--- START ---
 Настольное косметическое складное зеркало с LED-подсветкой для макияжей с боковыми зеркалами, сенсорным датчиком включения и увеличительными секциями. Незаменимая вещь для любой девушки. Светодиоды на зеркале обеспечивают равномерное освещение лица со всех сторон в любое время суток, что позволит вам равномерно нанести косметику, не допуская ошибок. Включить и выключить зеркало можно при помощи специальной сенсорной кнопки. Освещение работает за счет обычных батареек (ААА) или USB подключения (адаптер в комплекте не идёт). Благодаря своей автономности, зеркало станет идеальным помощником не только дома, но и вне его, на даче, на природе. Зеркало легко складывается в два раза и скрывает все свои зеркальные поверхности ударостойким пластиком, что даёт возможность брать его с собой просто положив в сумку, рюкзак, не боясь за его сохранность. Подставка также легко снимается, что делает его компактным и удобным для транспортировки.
--- END ---
--- START ---
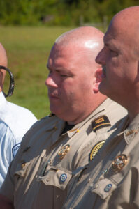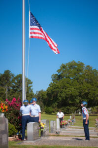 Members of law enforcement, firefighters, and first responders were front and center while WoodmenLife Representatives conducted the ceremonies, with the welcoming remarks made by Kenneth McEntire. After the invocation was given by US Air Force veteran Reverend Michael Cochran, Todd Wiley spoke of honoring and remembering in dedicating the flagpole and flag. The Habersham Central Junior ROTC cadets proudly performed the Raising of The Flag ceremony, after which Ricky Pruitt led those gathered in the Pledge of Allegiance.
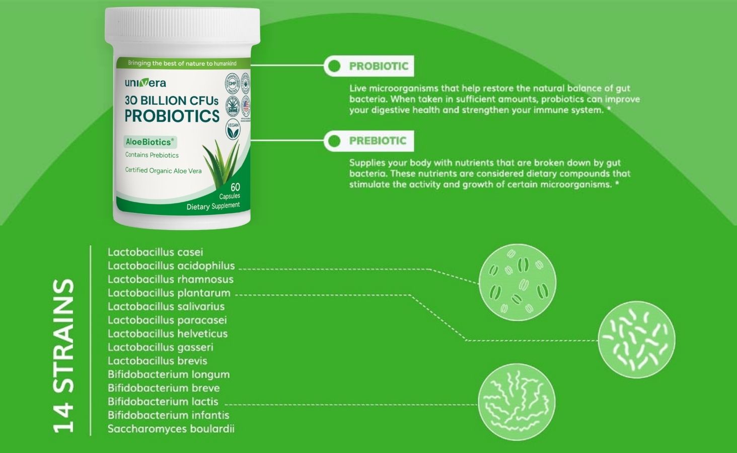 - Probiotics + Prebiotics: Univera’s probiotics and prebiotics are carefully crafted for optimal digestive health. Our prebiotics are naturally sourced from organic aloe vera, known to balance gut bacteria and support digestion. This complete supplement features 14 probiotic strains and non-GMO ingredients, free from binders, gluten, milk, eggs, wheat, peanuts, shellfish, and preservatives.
--- END ---
**Work to complete**
Everything above from the line containing "Members of law" through the line containing "- Probiotics +" must be repeated exactly, and the pictures must be left out.

**Task answer**
 Members of law enforcement, firefighters, and first responders were front and center while WoodmenLife Representatives conducted the ceremonies, with the welcoming remarks made by Kenneth McEntire. After the invocation was given by US Air Force veteran Reverend Michael Cochran, Todd Wiley spoke of honoring and remembering in dedicating the flagpole and flag. The Habersham Central Junior ROTC cadets proudly performed the Raising of The Flag ceremony, after which Ricky Pruitt led those gathered in the Pledge of Allegiance.
 - Probiotics + Prebiotics: Univera’s probiotics and prebiotics are carefully crafted for optimal digestive health. Our prebiotics are naturally sourced from organic aloe vera, known to balance gut bacteria and support digestion. This complete supplement features 14 probiotic strains and non-GMO ingredients, free from binders, gluten, milk, eggs, wheat, peanuts, shellfish, and preservatives.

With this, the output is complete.